Среда обитания застойных киногероев прекрасно гармонирует с их внут­ренним миром. У большинства за плечами много пережитого, и это сильно на них сказывается. Парадигматический застойный герой давно и безнадежно увяз в неразрешимых проблемах. Герой-мужчина часто вовлечен в отноше­ния с несколькими женщинами; эти отношения его не удовлетворяют, но не могут быть прекращены; то же самое относится и к его опостылевшей работе. Женщины, в свою очередь, либо страдают из-за отсутствия семьи[6], либо, если она у них есть, осознают, что это не то, что им нужно[7]. Потребность изменить собственную жизнь в сочетании с невозможностью это сделать приводит к невротическому, хаотичному поведению, яркие примеры которого — герой Олега Янковского в «Полетах во сне и наяву» (режиссер Роман Балаян, 1982) и персонаж Олега Басилашвили в «Осеннем марафоне» (режиссер Георгий Данелия, 1979).

Если бы отсутствие решения означало стабильность и устойчивость, то эти фильмы действительно свидетельствовали бы о постоянстве позднесоветского мира — кольцевая композиция мелодрам вроде «Зимней вишни» (режиссер Игорь Масленников, 1985) или того же «Осеннего марафона» вызывает в памяти фрейдовское понятие навязчивого повторения[8]. Однако невротическое состояние не очень вяжется с устойчивостью: в его основе лежит темпоральность истощения, а не стабильного воспроизводства. В конце за­стойного фильма герой часто оказывается в той же ситуации, что и в его на­чале, однако экстраполировать этот порочный круг даже в среднеотдаленное будущее не представляется возможным. Трудно представить себе героя «Осеннего марафона», разрывающегося между женой и любовницей лет через десять — но представить его в каком-то другом состоянии еще сложнее. Когда личный кризис повторяется из фильма в фильм, он становится соци­альным симптомом, а отсутствие перспектив его разрешения на индиви­дуальном уровне не просто проблематизирует советский метанарратив исторического прогресса, а переворачивает его. Истощенная, распадающаяся окружающая среда дополнительно усиливает ощущение непредставимого, но неотвратимо приближающегося финала советской цивилизации.

Неспособность героев застойного кино разрешить экзистенциальные ди­леммы непосредственно — и подчас эксплицитно — связана с кризисом офи­циальной системы ценностей и советской идеологии в целом.
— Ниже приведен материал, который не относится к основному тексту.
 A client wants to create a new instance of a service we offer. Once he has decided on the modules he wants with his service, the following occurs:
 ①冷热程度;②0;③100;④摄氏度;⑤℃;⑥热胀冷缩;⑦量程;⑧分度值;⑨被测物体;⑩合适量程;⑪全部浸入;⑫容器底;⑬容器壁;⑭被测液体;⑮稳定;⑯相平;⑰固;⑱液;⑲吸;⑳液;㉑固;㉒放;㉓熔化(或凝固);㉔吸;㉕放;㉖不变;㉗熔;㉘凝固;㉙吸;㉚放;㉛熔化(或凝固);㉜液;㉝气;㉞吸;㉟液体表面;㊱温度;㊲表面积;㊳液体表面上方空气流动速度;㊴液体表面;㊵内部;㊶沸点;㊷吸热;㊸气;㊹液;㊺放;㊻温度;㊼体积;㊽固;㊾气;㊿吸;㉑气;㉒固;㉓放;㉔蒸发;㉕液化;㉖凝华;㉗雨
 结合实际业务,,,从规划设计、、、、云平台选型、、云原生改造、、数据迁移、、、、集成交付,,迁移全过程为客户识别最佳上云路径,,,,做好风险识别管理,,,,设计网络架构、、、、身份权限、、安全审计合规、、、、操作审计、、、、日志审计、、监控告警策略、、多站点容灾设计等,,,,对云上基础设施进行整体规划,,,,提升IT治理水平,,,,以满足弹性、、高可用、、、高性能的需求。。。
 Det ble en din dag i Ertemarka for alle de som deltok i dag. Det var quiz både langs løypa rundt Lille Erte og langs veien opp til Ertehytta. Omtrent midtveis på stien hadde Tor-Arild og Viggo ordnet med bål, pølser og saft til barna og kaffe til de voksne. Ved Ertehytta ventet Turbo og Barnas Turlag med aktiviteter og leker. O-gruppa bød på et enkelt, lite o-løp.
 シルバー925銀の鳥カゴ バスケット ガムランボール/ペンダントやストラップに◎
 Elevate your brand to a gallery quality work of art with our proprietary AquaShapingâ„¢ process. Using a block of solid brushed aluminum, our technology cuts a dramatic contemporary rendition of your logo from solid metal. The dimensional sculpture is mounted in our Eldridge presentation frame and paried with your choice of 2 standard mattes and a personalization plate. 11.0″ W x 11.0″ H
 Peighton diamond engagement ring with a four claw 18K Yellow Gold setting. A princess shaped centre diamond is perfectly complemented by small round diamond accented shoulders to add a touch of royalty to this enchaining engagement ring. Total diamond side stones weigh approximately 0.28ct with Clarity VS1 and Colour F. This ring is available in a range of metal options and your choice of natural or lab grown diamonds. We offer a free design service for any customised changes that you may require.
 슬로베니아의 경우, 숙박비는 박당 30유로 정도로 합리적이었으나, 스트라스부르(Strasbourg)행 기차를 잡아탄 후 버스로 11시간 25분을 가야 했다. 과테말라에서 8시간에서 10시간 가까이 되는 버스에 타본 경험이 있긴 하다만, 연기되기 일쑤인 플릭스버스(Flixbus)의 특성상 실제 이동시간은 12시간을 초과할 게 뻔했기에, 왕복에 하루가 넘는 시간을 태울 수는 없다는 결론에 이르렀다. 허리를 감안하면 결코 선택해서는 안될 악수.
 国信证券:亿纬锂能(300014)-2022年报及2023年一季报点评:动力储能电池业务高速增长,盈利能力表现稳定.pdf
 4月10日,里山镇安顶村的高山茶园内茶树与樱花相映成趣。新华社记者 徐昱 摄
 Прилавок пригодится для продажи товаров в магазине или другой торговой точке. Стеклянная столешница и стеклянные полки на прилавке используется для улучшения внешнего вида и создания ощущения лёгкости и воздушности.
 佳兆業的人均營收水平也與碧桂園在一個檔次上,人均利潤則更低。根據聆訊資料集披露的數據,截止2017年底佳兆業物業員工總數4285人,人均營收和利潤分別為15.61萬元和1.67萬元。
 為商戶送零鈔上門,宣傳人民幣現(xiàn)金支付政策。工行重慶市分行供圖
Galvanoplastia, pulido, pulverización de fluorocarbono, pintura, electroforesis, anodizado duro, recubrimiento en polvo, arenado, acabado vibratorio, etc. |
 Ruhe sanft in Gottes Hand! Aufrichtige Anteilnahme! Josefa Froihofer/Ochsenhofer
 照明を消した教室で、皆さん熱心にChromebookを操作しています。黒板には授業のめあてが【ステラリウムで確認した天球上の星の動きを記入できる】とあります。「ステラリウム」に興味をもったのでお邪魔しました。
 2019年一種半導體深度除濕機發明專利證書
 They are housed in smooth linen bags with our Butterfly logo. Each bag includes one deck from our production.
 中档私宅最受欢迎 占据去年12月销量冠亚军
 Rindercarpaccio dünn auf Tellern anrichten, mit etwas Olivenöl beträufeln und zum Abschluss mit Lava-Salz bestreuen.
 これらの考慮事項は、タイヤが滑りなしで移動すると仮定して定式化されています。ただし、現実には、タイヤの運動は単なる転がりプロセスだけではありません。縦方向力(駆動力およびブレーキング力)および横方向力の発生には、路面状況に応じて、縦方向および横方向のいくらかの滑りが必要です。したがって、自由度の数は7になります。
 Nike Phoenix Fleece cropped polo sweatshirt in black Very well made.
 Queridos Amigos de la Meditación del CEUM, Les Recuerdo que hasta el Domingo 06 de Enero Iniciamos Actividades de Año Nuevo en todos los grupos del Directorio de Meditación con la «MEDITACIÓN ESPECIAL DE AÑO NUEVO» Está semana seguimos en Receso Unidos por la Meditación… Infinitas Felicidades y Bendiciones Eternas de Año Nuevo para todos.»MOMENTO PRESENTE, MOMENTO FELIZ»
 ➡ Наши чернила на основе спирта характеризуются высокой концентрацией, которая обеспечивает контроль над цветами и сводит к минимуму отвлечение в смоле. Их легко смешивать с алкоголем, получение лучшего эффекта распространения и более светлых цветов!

В самом факте идеологического кризиса, переживаемого героем, нет ничего необычного — советское кино редко сводилось к беспроблемной артикуляции когерент­ной идеологической системы. Однако в разные периоды существования со­ветского кино этот кризис принимал очень разные формы. В сталинском кино 1930-х годов субъект мог столкнуться с пределом символического идеологического поля и испытать невозможность идеологической тоталь­ности[9] — например, герой обнаруживал неразрешимые противоречия в линии партии, понять которую оказывалось принципиально невозможно. Однако в сталинском кино такое столкновение приводило не к подрыву партийного дискурса, а к реинтерпелляции субъекта — как героя, так и зрителя — в антиномичное поле сталинской идеологии, благодаря чему субъект оказывался в состоянии продуктивно взаимодействовать с антагонистической социаль­ной реальностью[10].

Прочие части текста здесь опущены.